DATASET CONTENT section start

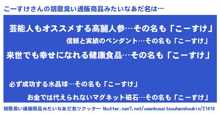 | 意味不明あだ名 | 『永久保存こーすけ』『自称こーすけ』 |
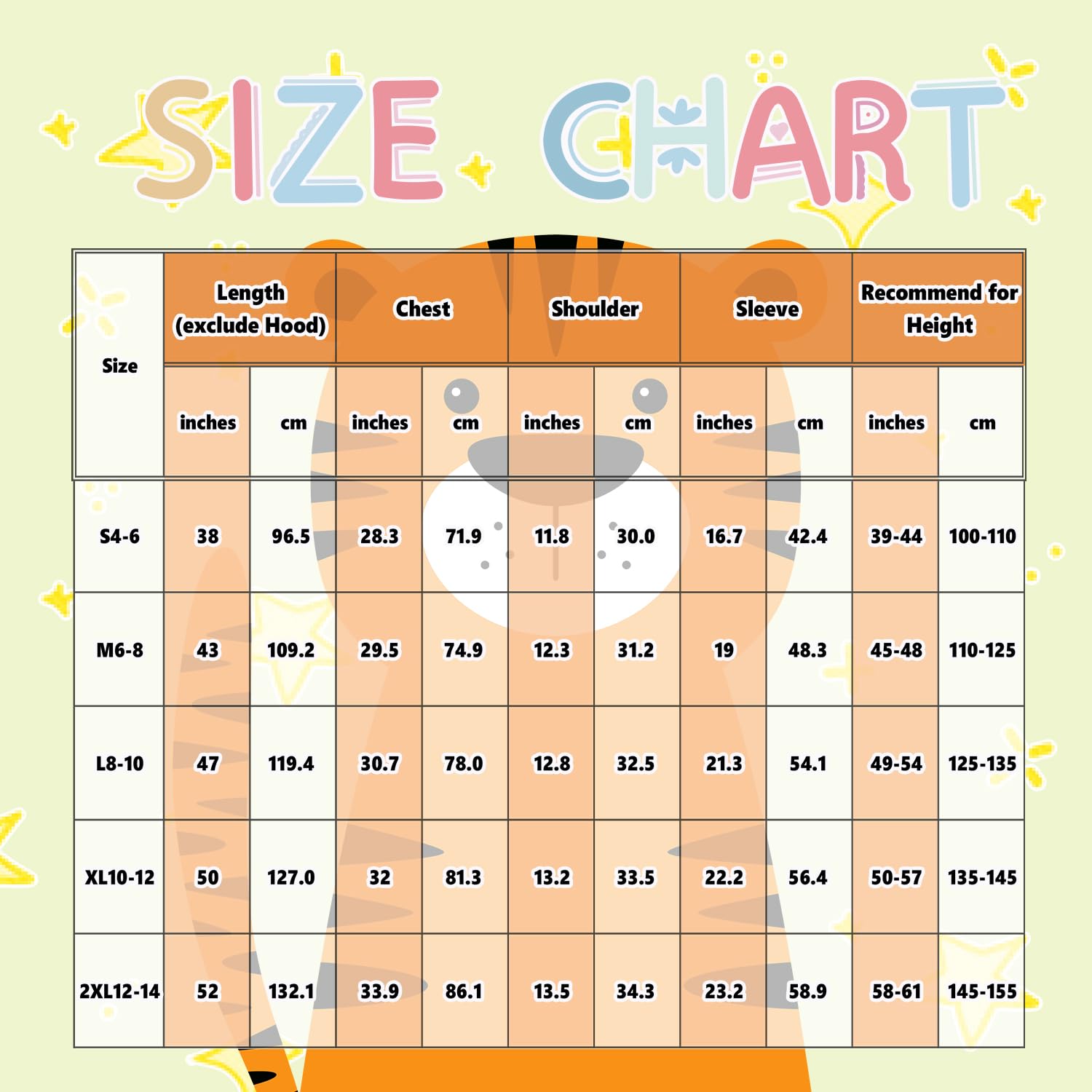 Tiger Onesie Costume for Kids-This is a very unique tiger costume for kids cosplay dress up,made of print fleece,warm and cozy. | Simple Construction&Cute Design-This tiger onesie is constructed with a hooded hat with emb tiger face,ears,zip up at the front.Easy to dress up and looks vivid. | Soft Lightweight Material-our tiger onesie for kids is made of middle thickness fleece fabric,machine washable. Super soft and warm for a chilly weather Halloween night. | Wide Size Range for a Better Fitting-there are 6 sizes of our onesie costumes,suggest to check against the size chart to select , the recommendations for height and weight would give you an easier choice . | Perfect for Halloween trick or treat,animal costume onesie parties,pjm parties,daily wear,dress up parties ,themed birthday parties,Xmas gift and more occasions.
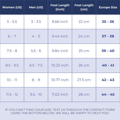 | Foot Length | Women (US) | Men (US) | Europe Size |
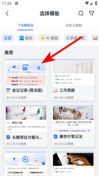 4、在模板庫中,選擇需要的模板,即可使用該模板進行文檔創(chuàng)作。
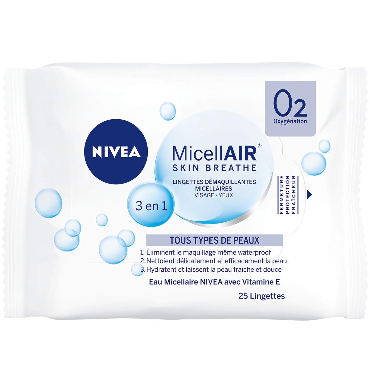 Packaging - NIVEA MicellAIR SKIN BREATHE Micellar make-up remover wipes, 4 x 25 wipes, item number: 89252. Beauty tips: for clean and soft skin, use this eye make-up remover while performing circular movements with the wipe from bottom to top. Facial Care for Women: These easy-to-carry wipes allow you to remove stubborn makeup and waterproof mascara while protecting your eyelashes. 3-in-1 formula: can be used as a make-up remover for face, eyes and lips, also cleanses the skin and hydrates and refreshes. NIVEA care: the 3-in-1 cleansing wipes are enriched with NIVEA micellar water with vitamin E, for perfect skin cleansing and without residue.Nivea MicellAir Skin Breath Milcelle, wachtige groei (4 x 25 stuks), 3-in-1 verwijderaar, vochtinbrengend en verfrist gezicht, ogen en lippenVerpakking - NIVEA MicellAIR SKIN BREATHE Micellaire make-up remover doekjes, 4 x 25 doekjes, artikelnummer: 89252. Schoonheidstips: voor een schone en zachte huid gebruik je deze oogmake-up remover terwijl je met het doekje cirkelvormige bewegingen van onder naar boven uitvoert. Gezichtsverzorging voor dames: deze gemakkelijk te dragen doekjes maken het mogelijk om hardnekkige make-up en waterdichte mascara te verwijderen en tegelijkertijd je wimpers te beschermen. 3-in-1 formule: te gebruiken als make-up remover voor gezicht, ogen en lippen, reinigt ook de huid en hydrateert en verfrist. NIVEA verzorging: de 3-in-1 reinigingsdoekjes zijn verrijkt met NIVEA micellair water met vitamine E, voor een perfecte huidreiniging en zonder resten.

DATASET CONTENT section end

Transcribe all of the data above exactly; no picture belongs in the copy.

 | 意味不明あだ名 | 『永久保存こーすけ』『自称こーすけ』 |
 Tiger Onesie Costume for Kids-This is a very unique tiger costume for kids cosplay dress up,made of print fleece,warm and cozy. | Simple Construction&Cute Design-This tiger onesie is constructed with a hooded hat with emb tiger face,ears,zip up at the front.Easy to dress up and looks vivid. | Soft Lightweight Material-our tiger onesie for kids is made of middle thickness fleece fabric,machine washable. Super soft and warm for a chilly weather Halloween night. | Wide Size Range for a Better Fitting-there are 6 sizes of our onesie costumes,suggest to check against the size chart to select , the recommendations for height and weight would give you an easier choice . | Perfect for Halloween trick or treat,animal costume onesie parties,pjm parties,daily wear,dress up parties ,themed birthday parties,Xmas gift and more occasions.
 | Foot Length | Women (US) | Men (US) | Europe Size |
 4、在模板庫中,選擇需要的模板,即可使用該模板進行文檔創(chuàng)作。
 Packaging - NIVEA MicellAIR SKIN BREATHE Micellar make-up remover wipes, 4 x 25 wipes, item number: 89252. Beauty tips: for clean and soft skin, use this eye make-up remover while performing circular movements with the wipe from bottom to top. Facial Care for Women: These easy-to-carry wipes allow you to remove stubborn makeup and waterproof mascara while protecting your eyelashes. 3-in-1 formula: can be used as a make-up remover for face, eyes and lips, also cleanses the skin and hydrates and refreshes. NIVEA care: the 3-in-1 cleansing wipes are enriched with NIVEA micellar water with vitamin E, for perfect skin cleansing and without residue.Nivea MicellAir Skin Breath Milcelle, wachtige groei (4 x 25 stuks), 3-in-1 verwijderaar, vochtinbrengend en verfrist gezicht, ogen en lippenVerpakking - NIVEA MicellAIR SKIN BREATHE Micellaire make-up remover doekjes, 4 x 25 doekjes, artikelnummer: 89252. Schoonheidstips: voor een schone en zachte huid gebruik je deze oogmake-up remover terwijl je met het doekje cirkelvormige bewegingen van onder naar boven uitvoert. Gezichtsverzorging voor dames: deze gemakkelijk te dragen doekjes maken het mogelijk om hardnekkige make-up en waterdichte mascara te verwijderen en tegelijkertijd je wimpers te beschermen. 3-in-1 formule: te gebruiken als make-up remover voor gezicht, ogen en lippen, reinigt ook de huid en hydrateert en verfrist. NIVEA verzorging: de 3-in-1 reinigingsdoekjes zijn verrijkt met NIVEA micellair water met vitamine E, voor een perfecte huidreiniging en zonder resten.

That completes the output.